The following example demonstrates how to configure Frame Preemption with MQPRIO using an Intel i226 NIC Ethernet controller. Four traffic classes are created. Traffic class 0 is mapped to queue 0 which has the highest priority and is marked as express traffic. All other traffic classes are preemptible.

# Trigger verification handshake
sudo ethtool --set-mm eth0 pmac-enabled on
sudo ethtool --set-mm eth0 tx-enabled on
sudo ethtool --set-mm eth0 verify-enabled on

# Configure preemptible and express traffic classes
sudo tc qdisc replace dev eth0 parent root handle 100 mqprio \
        num_tc 4 \
        map 3 2 1 0 3 3 3 3 3 3 3 3 3 3 3 3 \
        queues 1@0 1@1 1@2 1@3 \
        fp E P P P \
        hw 1
  • fp argument indicates which traffic class is express ('E') or preemptible ('P')

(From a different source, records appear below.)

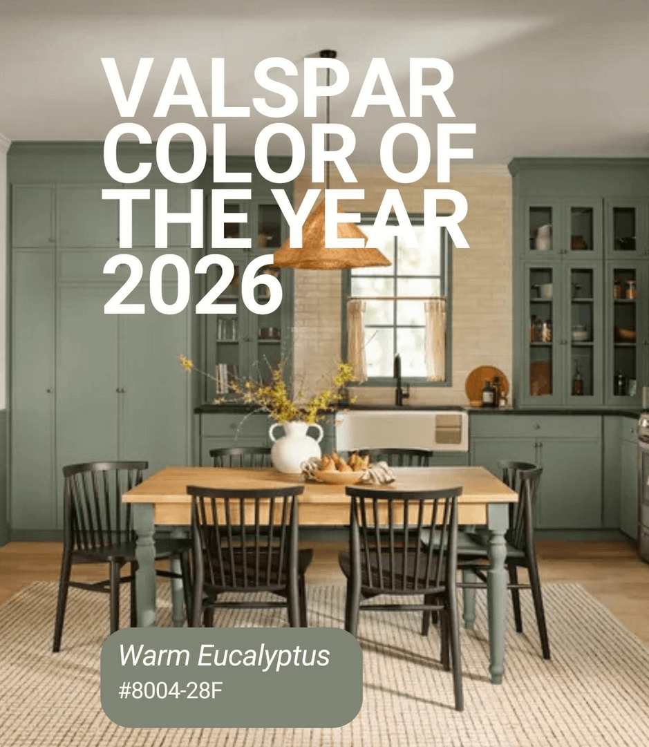 Valspar’s Color of the Year, Warm Eucalyptus, draws from nature with its muted gray-green that evokes calm and balance. It brings a grounded, organic feel to interiors and complements a wide variety of design styles — from contemporary to traditional.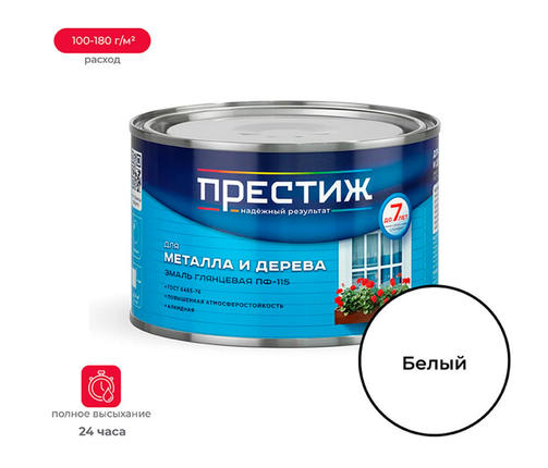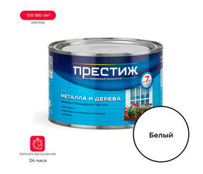 Эмаль ПРЕСТИЖ алкидная глянцевая ПФ-115 атмосферостойкая белая 0,4 кг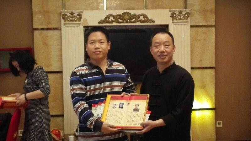 首先有请陈正雷大师入室弟子魏勰老师为弟子颁发拜师贴和拜师照。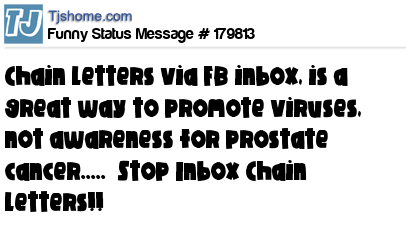 X says Chain letters via FB inbox, is a great way to promote viruses, not awareness for prostate cancer..... Stop Inbox Chain letters!!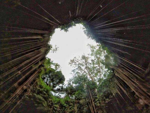 وانطلق فريق من علماء الكهوف والعاملين في الكهوف في الهبوط الأرضي يوم الجمعة (6 مايو)، ليكتشفوا أن هناك ثلاثة مداخل كهوف في الحفرة، بالإضافة إلى الأشجار القديمة التي يبلغ ارتفاعها 131 قدما (40 مترا)، وتمتد أغصانها نحو ضوء الشمس الذي يمر عبر مدخل الحفرة.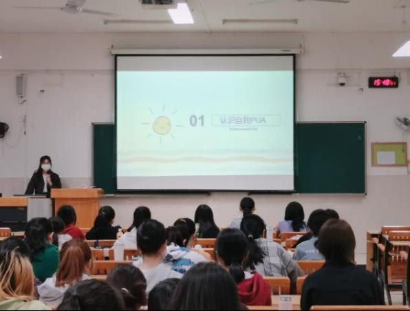 班会负责人向同学们介绍了“自我PUA”的定义,引用了具体的例子来加深同学们对“自我PUA”现象的理解,让同学们明白,意识到问题是解决问题的开端,只有真正了解“自我PUA”的表现模式,才能从根本上战胜自我,战胜自我可以使用“拯救自我”的方法,如练习跟自己积极对话、丰富自己的社交圈、允许自己寻求帮助等等。随后,通过组织大家参与游戏和亲身体验,使同学们学会了放松身心,舒缓压力。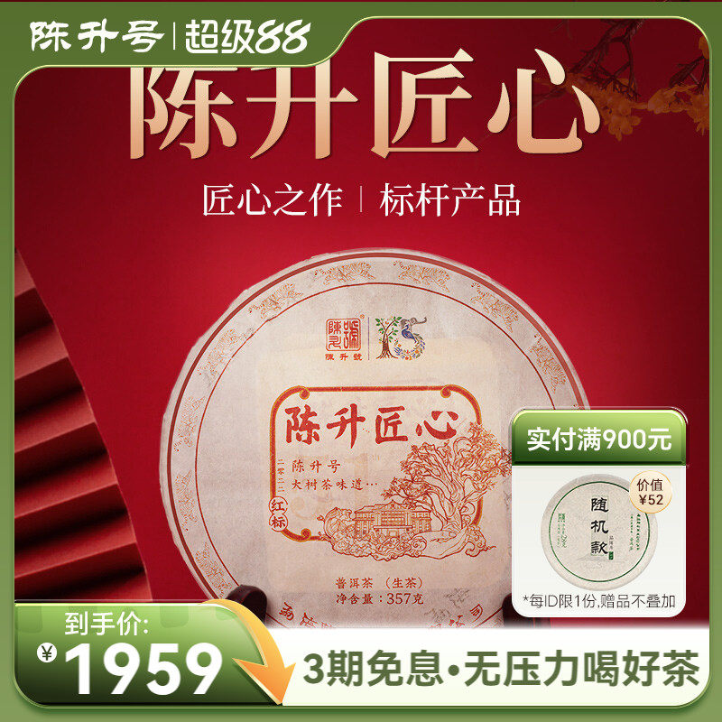 2022陈升号普洱茶陈升匠心普洱生茶饼357g云南勐海布朗山饼茶茶叶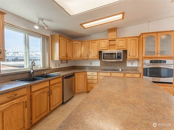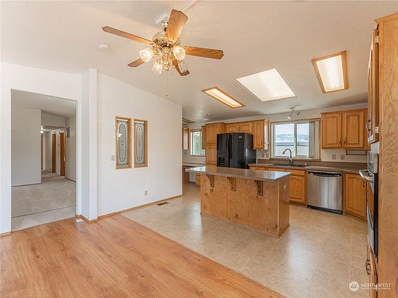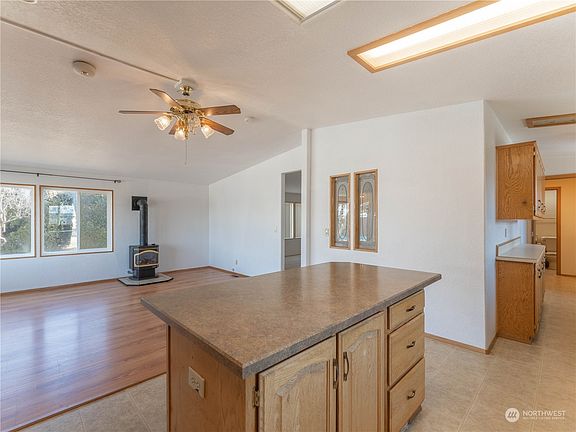 Large manufactured home in Mountain View Mobile Estates 55+ park. This 1991 Marlette has a nice layout with 3 bedrooms & 2 bathrooms. Large light filled and vaulted great room with views towards the Cascade Mountains, open kitchen with island, window over the sink, and skylight. Separate living room with vaulted ceilings. The primary bedroom is oversized and has a large closet and private bathroom with soaking tub, separate shower, & double sink vanity. The lot this home sits on feels private and has a quaint back yard, large side deck, and carport with enclosed storage area plus covered storage. New carpet and much of the interior has fresh paint.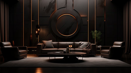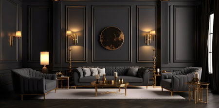 Black sofa and armchairs against black classic paneling wall. Art deco style interior design of modern living room
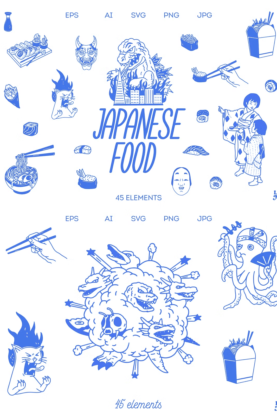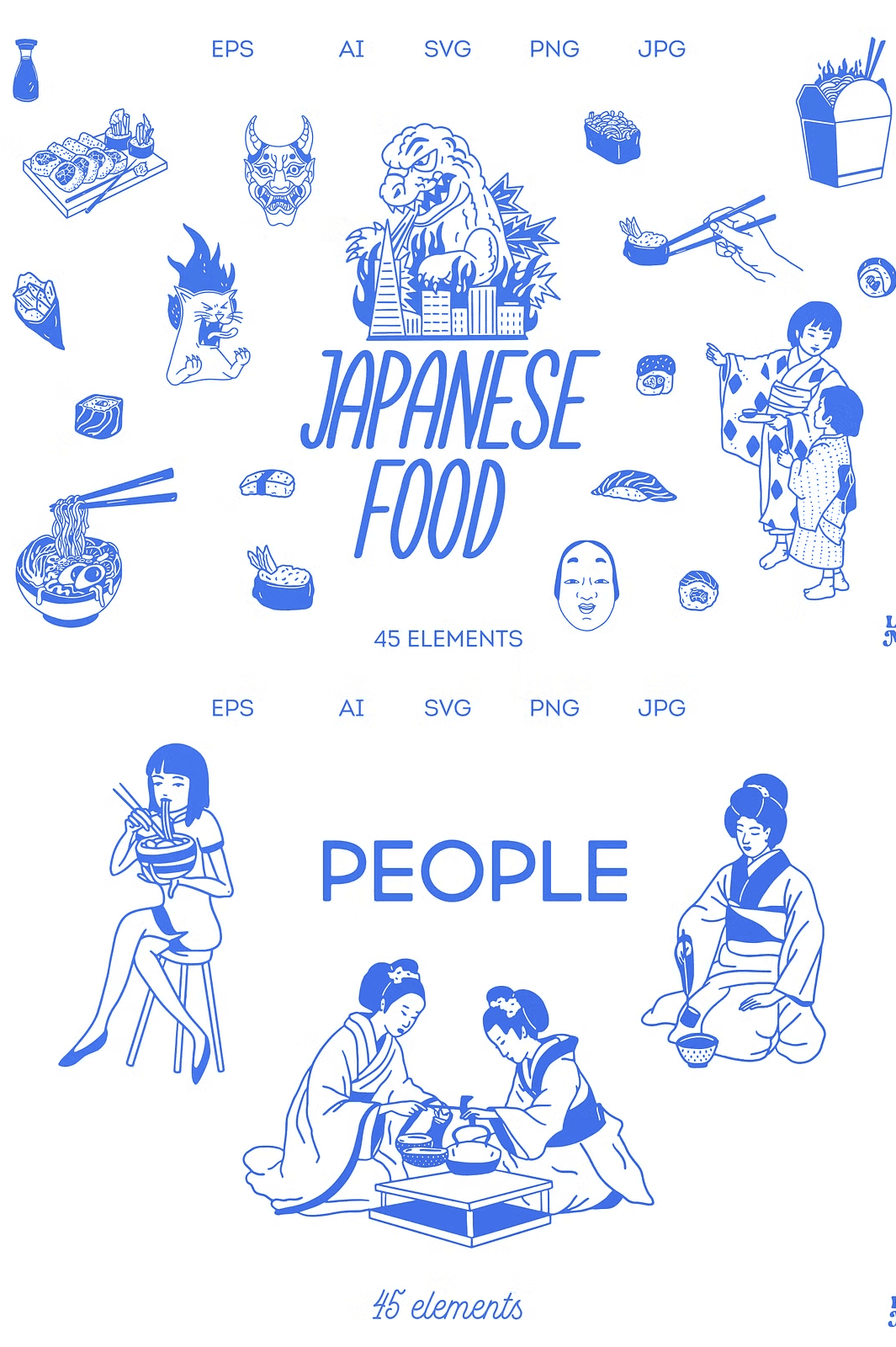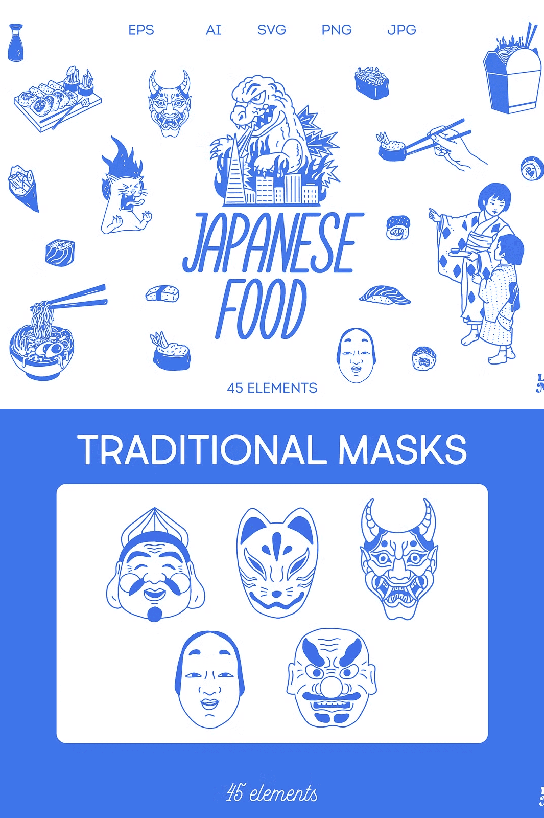 Unlock a world of rich tradition and artistic beauty with the Japanese Food Bundle Vector Illustrations—a meticulously crafted collection of 59 hand-drawn elements inspired by authentic Japanese culture. This diverse bundle brings together iconic food, graceful geishas, traditional masks, expressive animals, and culturally significant symbols, all designed with precision and aesthetic harmony. Whether you’re building a brand identity, designing apparel, creating stunning posters, crafting unique tattoos, or assembling eye-catching collages, this set gives you powerful visual tools rooted in timeless Japanese artistry. Experience the elegance, balance, and storytelling depth that only traditional motifs can offer.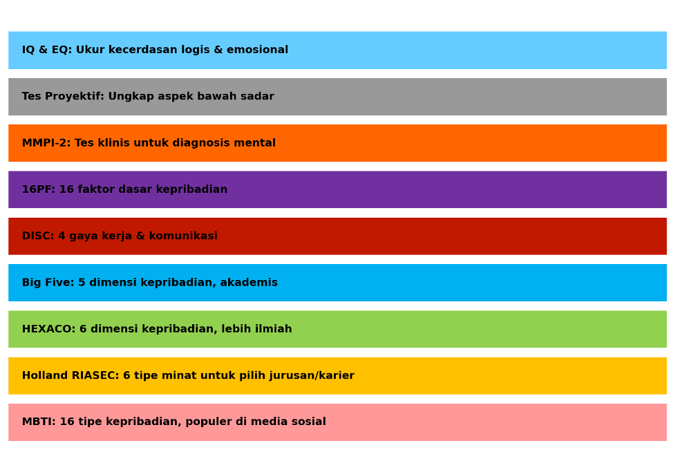 Buat kamu yang penasaran sama gaya kerja dan interaksi, ada juga DISC yang banyak dipakai di dunia profesional. Nggak cuma itu, kalau ingin lebih dalam lagi, ada tes seperti 16PF atau bahkan tes klinis seperti MMPI-2 dan tes proyektif yang biasa digunakan psikolog untuk asesmen mendalam. Masing-masing punya tujuan berbeda, tapi intinya sama: membantu kamu memahami siapa dirimu sebenarnya—baik untuk pengembangan diri, hubungan sosial, maupun pilihan karier. Sekarang ayo sedikit kita bahas mengenai beberapa jenis tes kepribadian di atas!

The ethtool call enables the pMAC and starts the verification state machine. This particular step has to be performed on both link partners. For a detailed description of all parameters see man pages of ethtool(8) and tc-mqprio(8).

The current state of the MAC merge layer and statistics can be queried with:

# Query statistics on transmitter side
sudo ethtool --include-statistics --show-mm eth0
MAC Merge layer state for eth0:
pMAC enabled: on
TX enabled: on
TX active: on
TX minimum fragment size: 64
RX minimum fragment size: 60
Verify enabled: on
Verify time: 128
Max verify time: 128
Verification status: SUCCEEDED
Statistics:
  MACMergeFrameAssErrorCount: 0
  MACMergeFrameSmdErrorCount: 0
  MACMergeFrameAssOkCount: 0
  MACMergeFragCountRx: 0
  MACMergeFragCountTx: 29500

# Query statistics on receiver side
sudo ethtool --include-statistics --show-mm eth0
MAC Merge layer state for eth0:
pMAC enabled: on
TX enabled: on
TX active: on
TX minimum fragment size: 64
RX minimum fragment size: 60
Verify enabled: on
Verify time: 128
Max verify time: 128
Verification status: SUCCEEDED
Statistics:
  MACMergeFrameAssErrorCount: 0
  MACMergeFrameSmdErrorCount: 0
  MACMergeFrameAssOkCount: 86400
  MACMergeFragCountRx: 96318
  MACMergeFragCountTx: 0

In this example there are two boards with Intel i226 NIC Ethernet controller connected back to back. The configuration is performed as shown above. One board is transmitting express traffic while preemptible best effort traffic is running in parallel. The statistics on the Tx side show that the Tx fragment count is incremented. Similar on the Rx side, where the Rx fragment counter is increased. Furthermore, no errors are observed.

In the previous example Frame Preemption was activated by calling ethtool manually. However, in a TSN network the capability of frame preemption on a link is signaled via the Link Layer Discovery Protocol (LLDP). There is an open source implementation of LLDP which does support Frame Preemption on Linux.